Set the images aside and retype the whole listing exactly.

── Dataset section ──

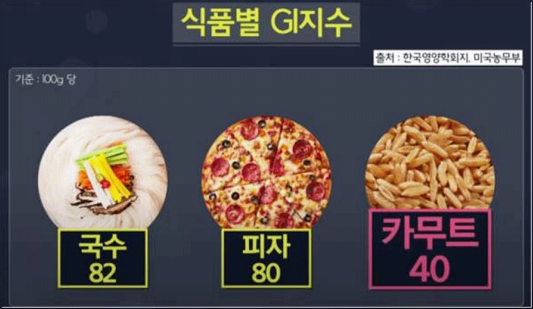 한국 영양학회지에 있는 식품별 혈당지수를 살펴보면, 국수 100g에는 82, 피자 100g에는 80, 카무트 100g에는 국수와 피자의 반인 40이다.
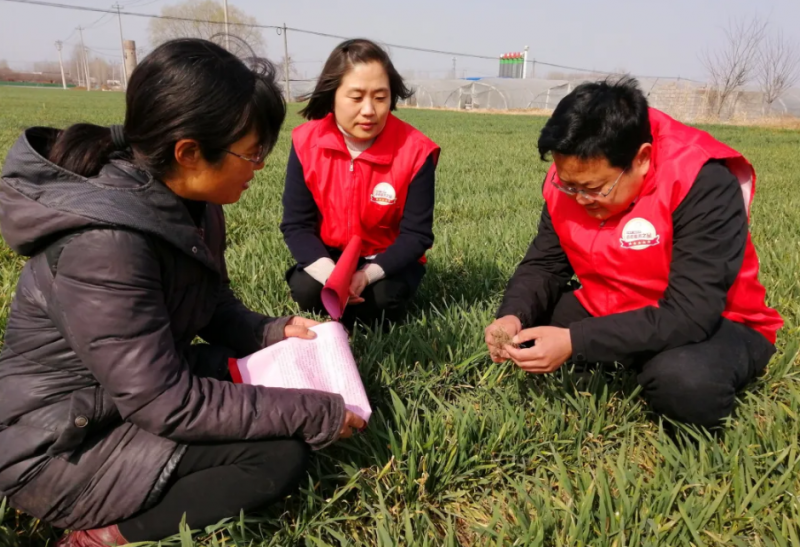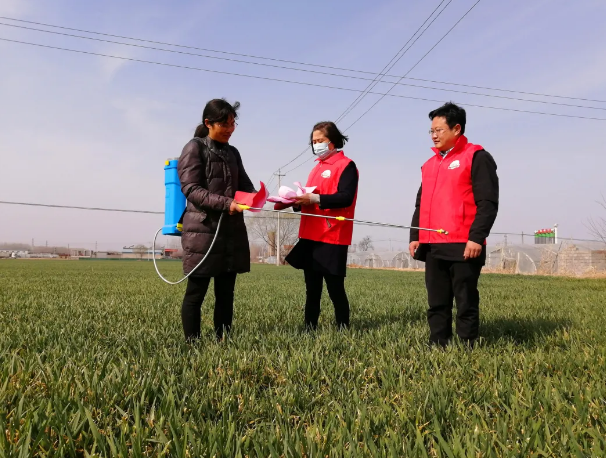 在麥田里,農技志愿者實地查看了麥苗長勢,并根據當前苗情指導群眾分類管理、促弱轉壯、防治病蟲、化學除草、防御凍害等工作。指導群眾年前未進行化學除草的盡快噴灑除草劑、麥苗發黃的及時追肥、墑情不足的及時澆灌以改善土壤,保苗穩健生長。
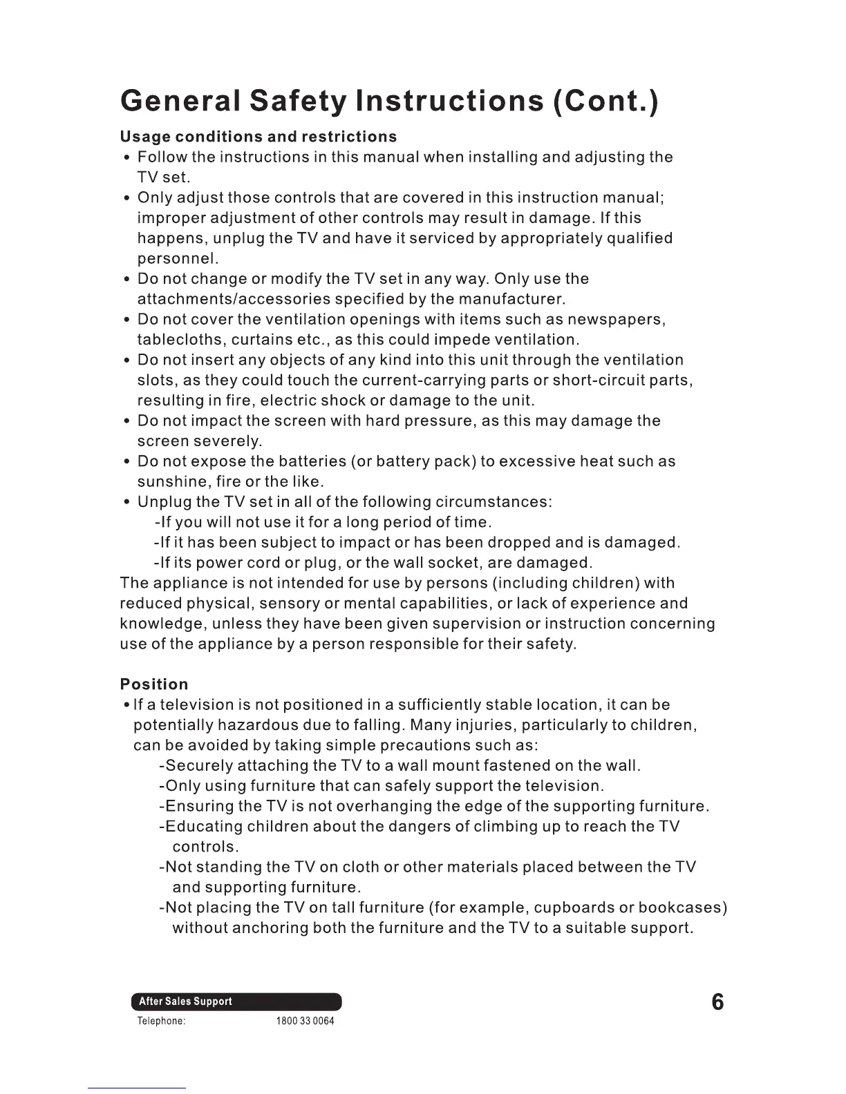 VIANO LED40FHD - General Safety Instructions (Continued); Usage Conditions and Restrictions; TV Placement and Stability

───

Expected answer.
 한국 영양학회지에 있는 식품별 혈당지수를 살펴보면, 국수 100g에는 82, 피자 100g에는 80, 카무트 100g에는 국수와 피자의 반인 40이다.
 在麥田里,農技志愿者實地查看了麥苗長勢,并根據當前苗情指導群眾分類管理、促弱轉壯、防治病蟲、化學除草、防御凍害等工作。指導群眾年前未進行化學除草的盡快噴灑除草劑、麥苗發黃的及時追肥、墑情不足的及時澆灌以改善土壤,保苗穩健生長。
 VIANO LED40FHD - General Safety Instructions (Continued); Usage Conditions and Restrictions; TV Placement and Stability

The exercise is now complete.